Ayrıca görülebilecek yerler arasında Giresun Kalesi, müze,Meryem Ana Manastırı sayılabilir...Giresun merkezde iki gün geçirdikten sonra Dereli üzerinden Kümbet yaylasına doğru yollanıyoruz.Asıl hedefimiz Kümbet idi zaten.

Dereliden sonra peş peşe virajlı yoldan, yol boyunca takip eden dereyle, muhteşem yemyeşil bir manzarayla devam ediyorsunuz. Ayrıca sonbahar buralara ayrı bir güzellik katmış.Doğa bir tablo gibi seriliyor önümüze. Hangi renk yok ki!


 Kümbete yaklaştığınızı yol kenarlarında boy gösteren yoğun çam ormanından, etrafa çöken sisten ve soğuk havanın gelişinden anlayabiliyorsunuz. Yaklaşık 1 saat süren yolculukla Kümbet' tesiniz.
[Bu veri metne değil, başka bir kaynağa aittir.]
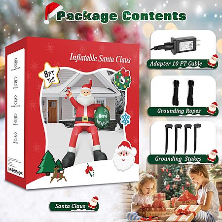 $31*:8FT Inflatable Sitting Santa Claus Christmas Outdoor Decorations
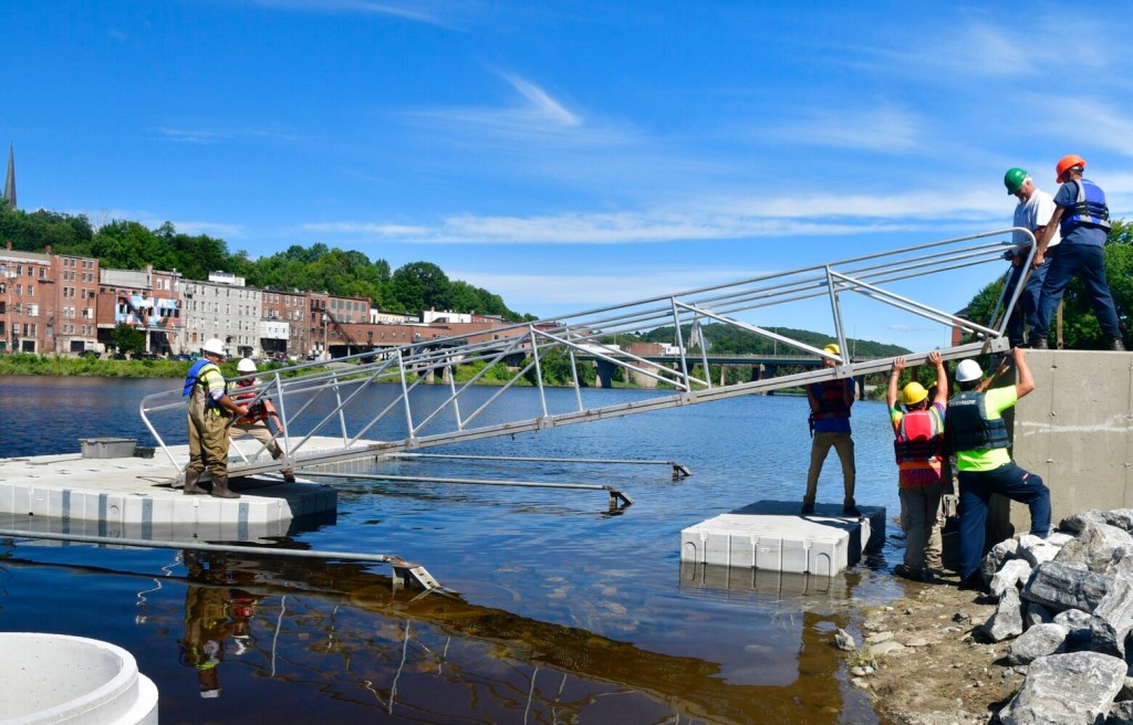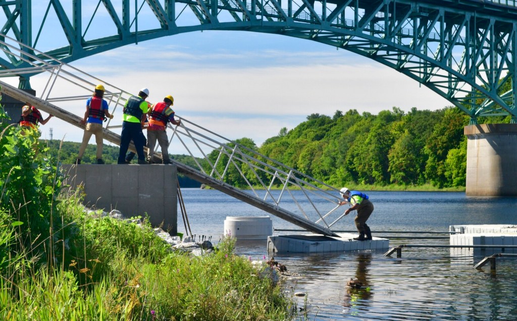 AUGUSTA — A floating dock was installed to new bases on the banks of the Kennebec River on Friday, as workers shored up the East Side Boat Landing spot after destructive ice damage more than two years ago.
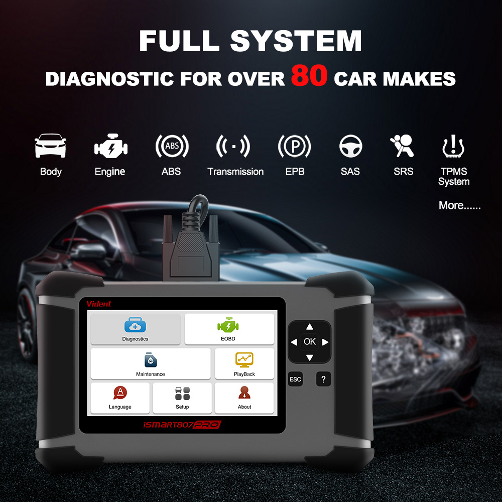 Vident iSmart807Pro ist ein professionelles Diagnosewerkzeug, das umfassende Systemabdeckung für eine Vielzahl von Automobilherstellern bietet.Ausgestattet mit allen Systemdiagnosen einschließlich Motor, Getriebe, ABS, Airbag, Instrument, Lenkrad, etc., und den am häufigsten erforderlichen Servicefunktionen OIL, EPB, SAS, BRT, ABS&SRS Diagnose, TPA (TPS), TPMS, DPF, ODOMETER, Einspritzcodierung, Getriebelernen.VIDENT ISMART807PRO wurde entwickelt, um Ihre Diagnoseerfahrung auf ein neues Niveau zu heben.

Çifteoluktan su içmeden ,yayla pazarındaki kadınlardan  çeşitli otlardan, mantar tuzlamasından, kekik kokan tereyağından, yayla çiçeklerinden almadan geçmeyin.
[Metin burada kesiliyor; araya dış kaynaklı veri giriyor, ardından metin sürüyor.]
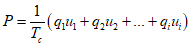 3.3.6 мощность разряда P (discharge power P): Производная величина, являющаяся суммой произведений кажущихся зарядов с амплитудой qi на соответствующие мгновенные значения напряжения возникновения ЧР ui в течение интервала времени измерения ЧР Tc
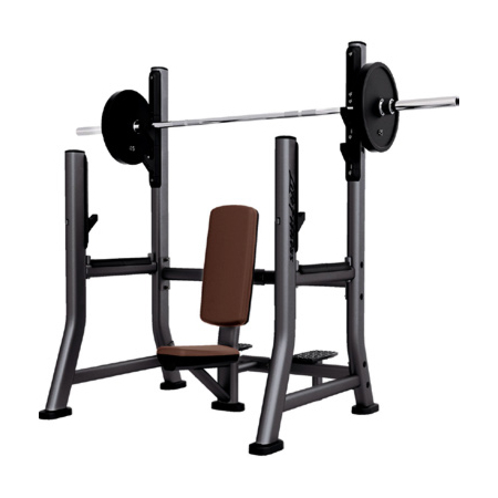 Life Fitness Olympic Military Bench er udstyret med en fast rygstøtte, der sikrer korrekt siddestilling og maksimerer effektiviteten af hver øvelse. Denne position understøtter en sikker udførelse, som er central for at opbygge stærke og veldefinerede skuldre.
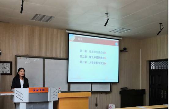 招聘会开始之前,绿之林公司总监王依然女士为参会员工简要的讲解了行业现状以及当下园林专业的就业前景,为接下来招聘会的顺利举行奠定了基础。招聘会共分为三个部分,首先公司负责人介绍了绿之林公司的综合实力以及招聘要求,随后由员工进行自由提问,绿之林相关负责人从薪资待遇、工作模式、晋升途径等各方面为同学们解答。最后进行简历投送,过程中同学们积极踊跃,招聘会现场气氛活跃。
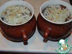 Томатную пасту развести в одном стакане кипяченой воды и залить овощи. в каждый горшок по половине стакана. Горшочки закрыть крышками и поставить в духовку на медленный огонь примерно на 40 минут.
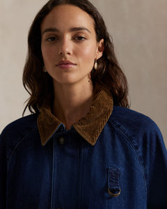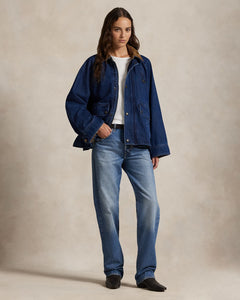 The Ralph Lauren Denim Barn Jacket Features: A timeless nod to American workwear. Designed with an oversized fit for effortless layering, this authentic barn jacket pairs durable denim with corduroy trim. Rope-dyed for a medium-dark indigo, it features a subtle high-low effect and vintage-inspired slub texture.
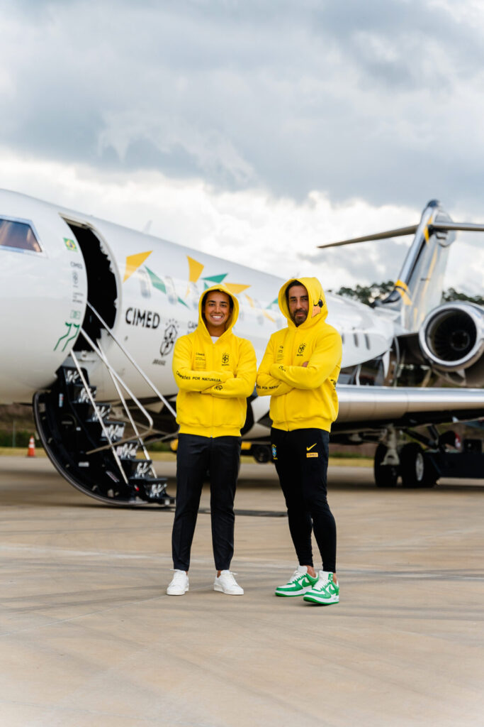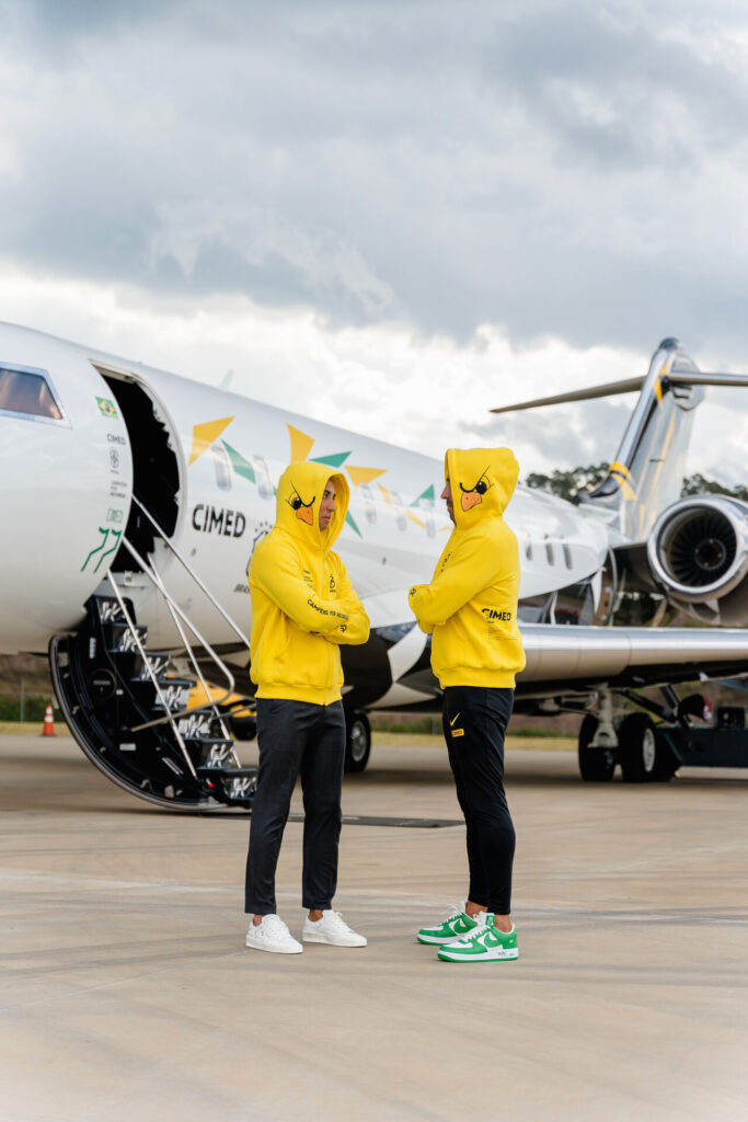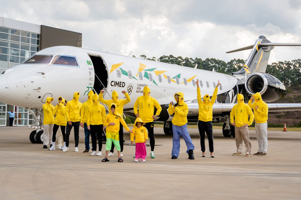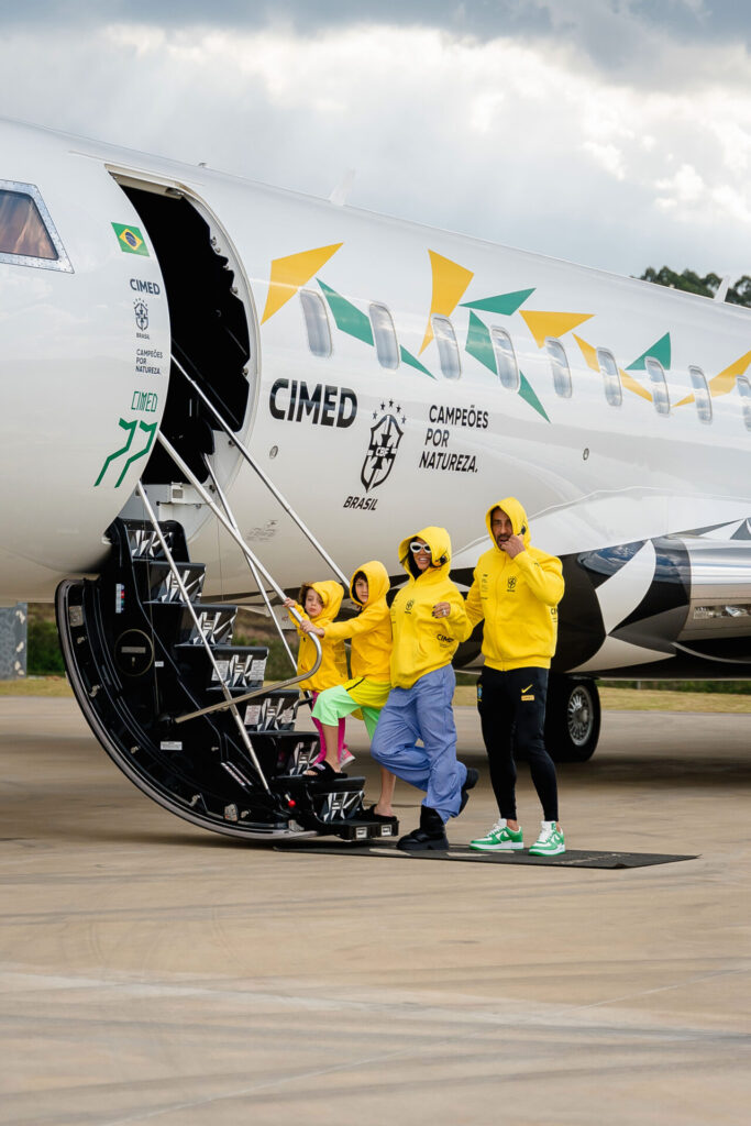 A família Cimed embarcou na tarde de hoje unida para o Qatar, onde acompanhará a Copa do Mundo de futebol e vai compartilhar a experiência em suas redes sociais, que hoje juntos somam 6 milhões de seguidores no Instagram. A família veste o moletom mais desejado do Brasil, amarelo Cimed com o canarinho da Copa, em uma collab da companhia com a marca Overcome.

Önce yayla merkezinden, Teksas vari iki katlı evlerin, dükkanların olduğu yoldan geçiyorsunuz.Zaten köşelerdeki fırınlardan burnunuza mis gibi yeni çıkmış pide kokusu geliyor ve dayanamıyor sıcak sıcak alıyorsunuz hemen, devam eden yolda indiriyorsunuz mideye..Merkezde lokantalar, fırınlar ,bakkallar, köy kahvehaneleri, berberler vs gibi minik dükkanlar var. Kalınabilecek birkaç küçük pansiyon  da var ama pek bakımsızlar, o sebeple biraz daha yukarılara tırmanınca, hatta bizim evimizin oralarda güzel bir pansiyon var ve hatta biraz ilerde de İsviçre tarzı bir dağ oteli var ;) Buraları görüp beğenenler daha uzun kalabilsinler diye yerli halk da evlerini kiraya veriyor. Senelik yada dönemlik cüz-i bir miktar ödeyerek, bütün sene istediğiniz zaman gelebileceğiniz bir çatınız oluyor.Yani konaklamayla ilgili o kadar seçenek var ki, merak etmeyin buralara kadar gelenleri hemen geri göndermiyorlar.(Konaklamayla ilgili ekstra bilgi için iletişime geçebilirsiniz.)
 Yayla merkezinde yapılaşmayla birlikte kirli bir görüntü oluşmuşsa da, valiliğin çabalarıyla bu pek yakında oldukça aza indirgenecek. Evlerin dışı Ahşap kaplanarak yayla mimarisine yaklaşılması hedefleniyor.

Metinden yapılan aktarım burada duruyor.